> Exercise brief: Every line from the one with "2012, 2011, 2010" up to and including the one with "Sterling Silver Pet" is to be output exactly as it appears below; pictures are not.

> Material to process:
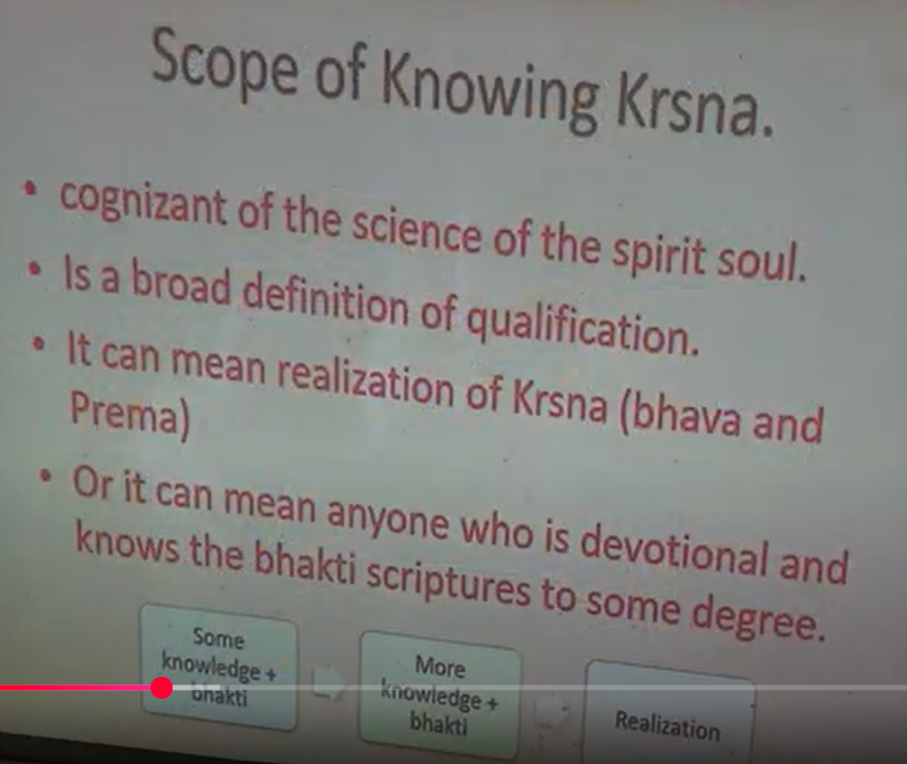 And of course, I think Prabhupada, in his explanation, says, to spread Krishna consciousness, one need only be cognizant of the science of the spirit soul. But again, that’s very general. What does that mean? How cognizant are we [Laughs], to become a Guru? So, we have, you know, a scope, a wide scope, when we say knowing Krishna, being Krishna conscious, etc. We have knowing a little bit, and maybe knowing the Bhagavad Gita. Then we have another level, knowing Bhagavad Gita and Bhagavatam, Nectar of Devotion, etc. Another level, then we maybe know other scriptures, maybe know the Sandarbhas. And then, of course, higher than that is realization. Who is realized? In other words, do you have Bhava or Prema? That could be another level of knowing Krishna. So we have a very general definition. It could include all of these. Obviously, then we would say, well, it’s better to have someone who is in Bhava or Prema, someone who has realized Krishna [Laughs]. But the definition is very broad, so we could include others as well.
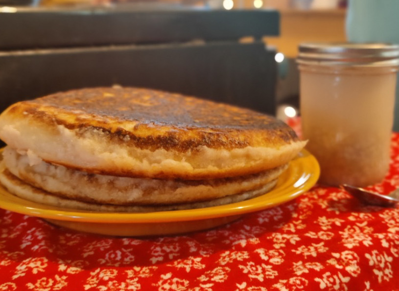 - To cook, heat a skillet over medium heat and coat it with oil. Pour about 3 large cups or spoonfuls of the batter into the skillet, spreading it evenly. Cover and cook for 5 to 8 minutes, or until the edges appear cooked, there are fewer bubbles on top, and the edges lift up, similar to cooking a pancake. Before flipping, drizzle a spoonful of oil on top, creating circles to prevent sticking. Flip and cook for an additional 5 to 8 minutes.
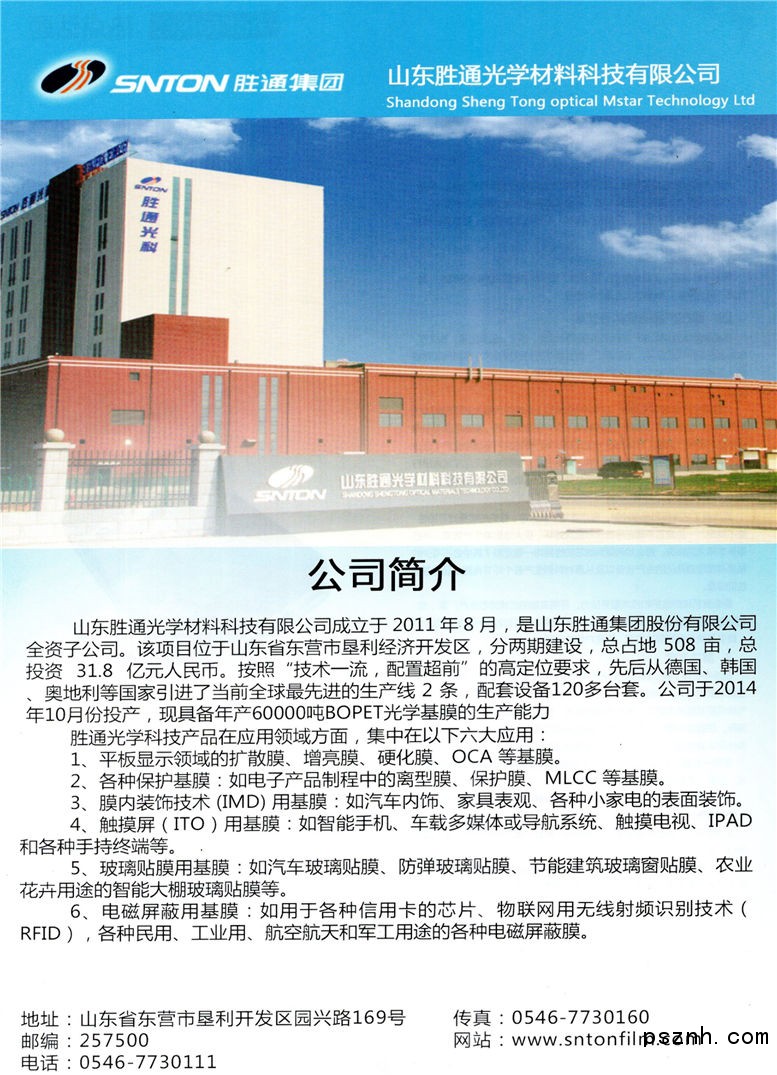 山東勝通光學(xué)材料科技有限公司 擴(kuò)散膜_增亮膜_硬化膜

* * *

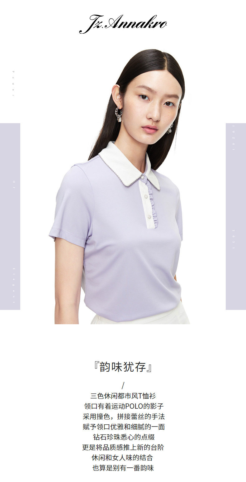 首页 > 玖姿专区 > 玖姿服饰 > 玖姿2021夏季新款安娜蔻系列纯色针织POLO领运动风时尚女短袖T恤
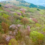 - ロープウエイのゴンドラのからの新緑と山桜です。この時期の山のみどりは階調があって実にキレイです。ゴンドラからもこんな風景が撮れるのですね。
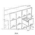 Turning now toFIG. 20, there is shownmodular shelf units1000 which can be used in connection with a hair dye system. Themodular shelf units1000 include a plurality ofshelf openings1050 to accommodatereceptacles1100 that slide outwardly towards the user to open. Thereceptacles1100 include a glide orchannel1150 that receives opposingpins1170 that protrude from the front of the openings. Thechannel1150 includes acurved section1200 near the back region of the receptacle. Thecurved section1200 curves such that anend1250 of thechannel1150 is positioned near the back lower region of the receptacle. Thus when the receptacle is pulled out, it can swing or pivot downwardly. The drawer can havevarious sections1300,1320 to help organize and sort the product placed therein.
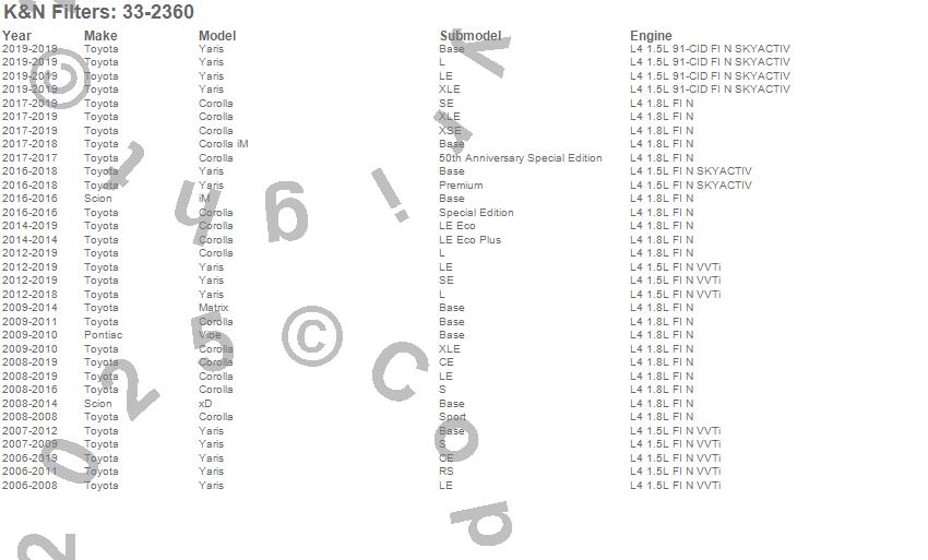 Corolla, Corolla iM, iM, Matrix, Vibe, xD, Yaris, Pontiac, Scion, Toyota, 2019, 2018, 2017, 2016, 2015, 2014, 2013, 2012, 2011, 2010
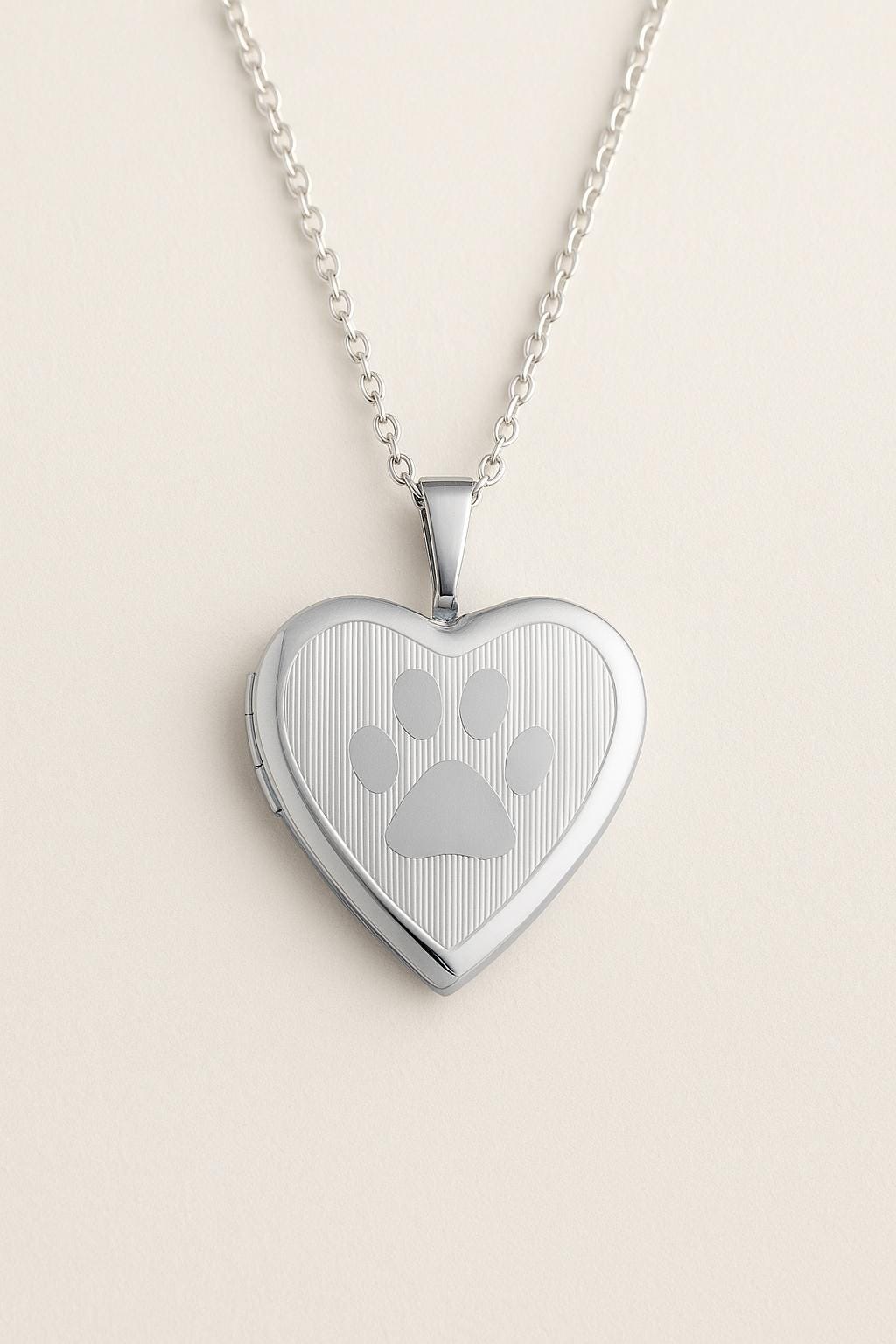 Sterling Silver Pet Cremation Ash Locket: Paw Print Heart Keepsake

==

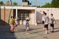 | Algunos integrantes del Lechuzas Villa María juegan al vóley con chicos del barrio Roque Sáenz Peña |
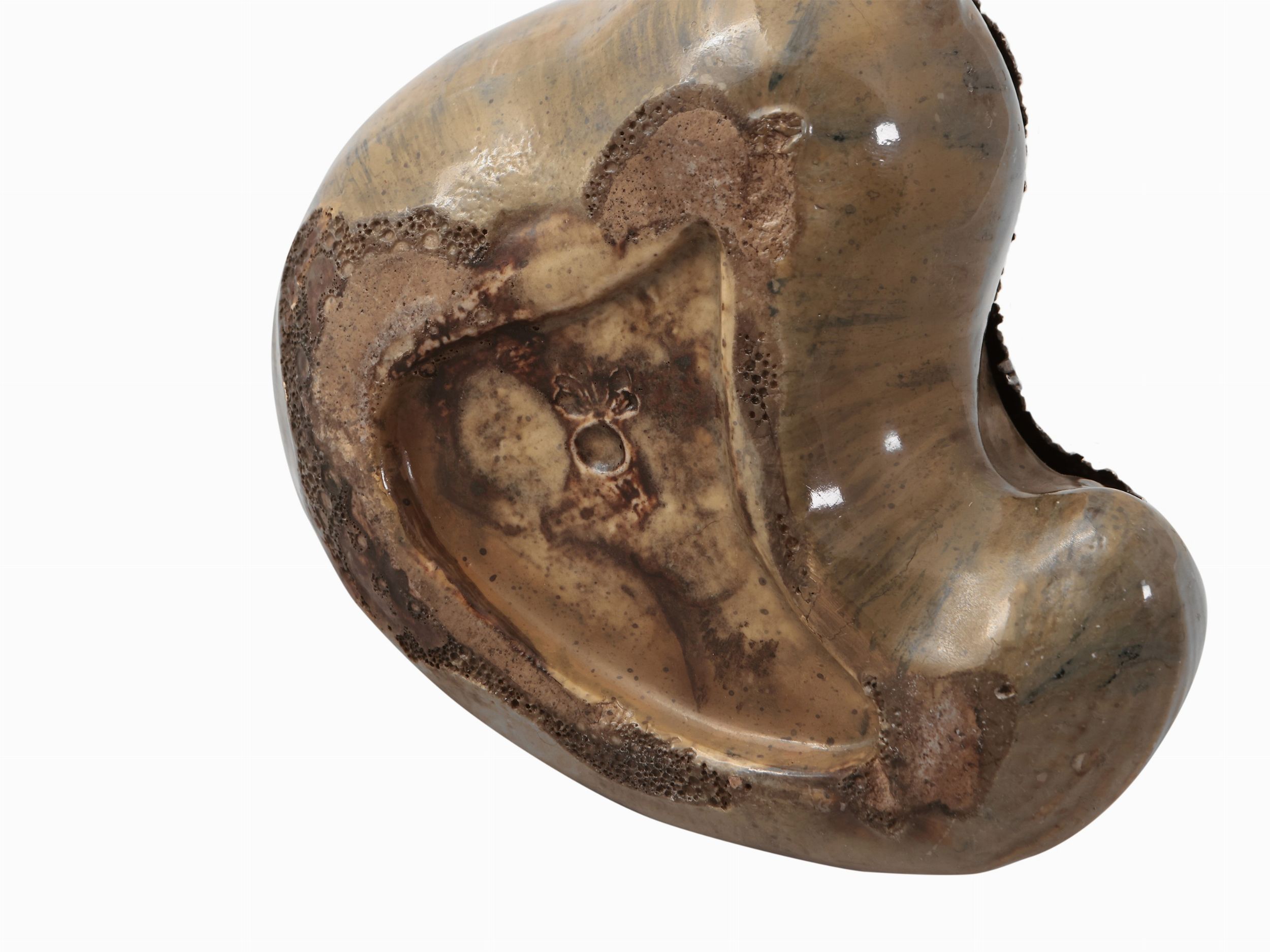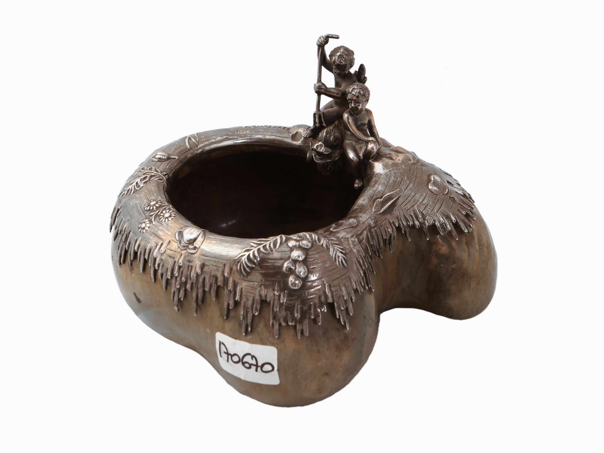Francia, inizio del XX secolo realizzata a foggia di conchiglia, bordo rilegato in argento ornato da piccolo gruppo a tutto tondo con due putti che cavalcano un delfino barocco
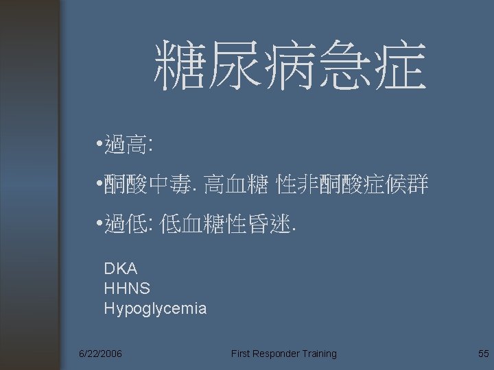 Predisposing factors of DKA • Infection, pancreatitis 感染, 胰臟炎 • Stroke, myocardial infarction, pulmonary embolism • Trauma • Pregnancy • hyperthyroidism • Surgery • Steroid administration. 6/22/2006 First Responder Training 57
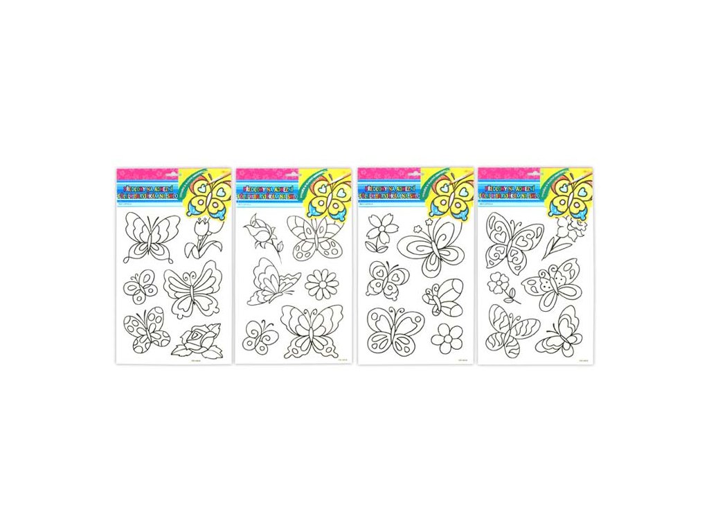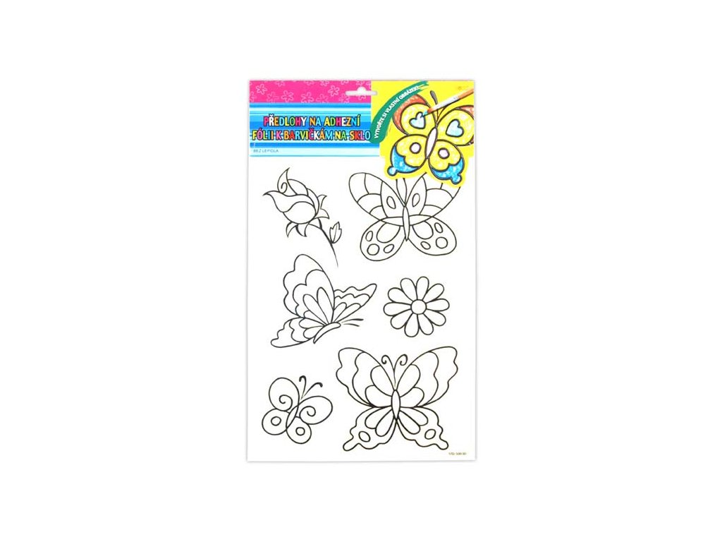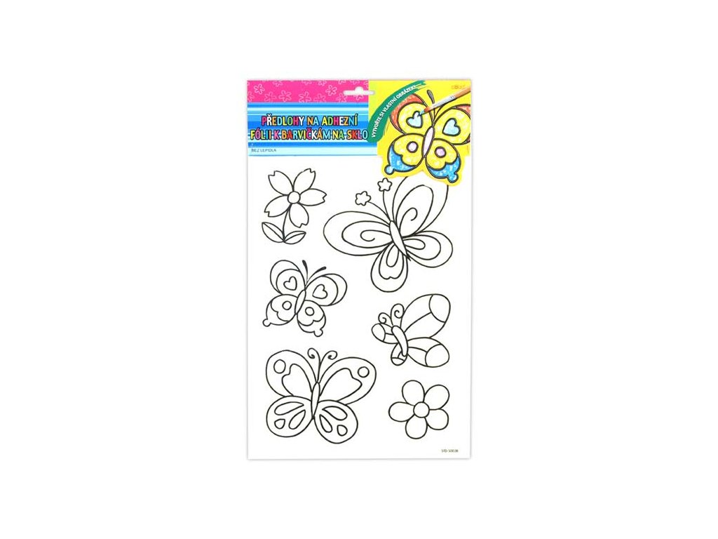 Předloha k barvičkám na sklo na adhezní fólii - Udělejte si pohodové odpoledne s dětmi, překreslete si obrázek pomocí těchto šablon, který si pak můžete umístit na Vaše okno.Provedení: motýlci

> Completed task:
 Corolla, Corolla iM, iM, Matrix, Vibe, xD, Yaris, Pontiac, Scion, Toyota, 2019, 2018, 2017, 2016, 2015, 2014, 2013, 2012, 2011, 2010
 Sterling Silver Pet Cremation Ash Locket: Paw Print Heart Keepsake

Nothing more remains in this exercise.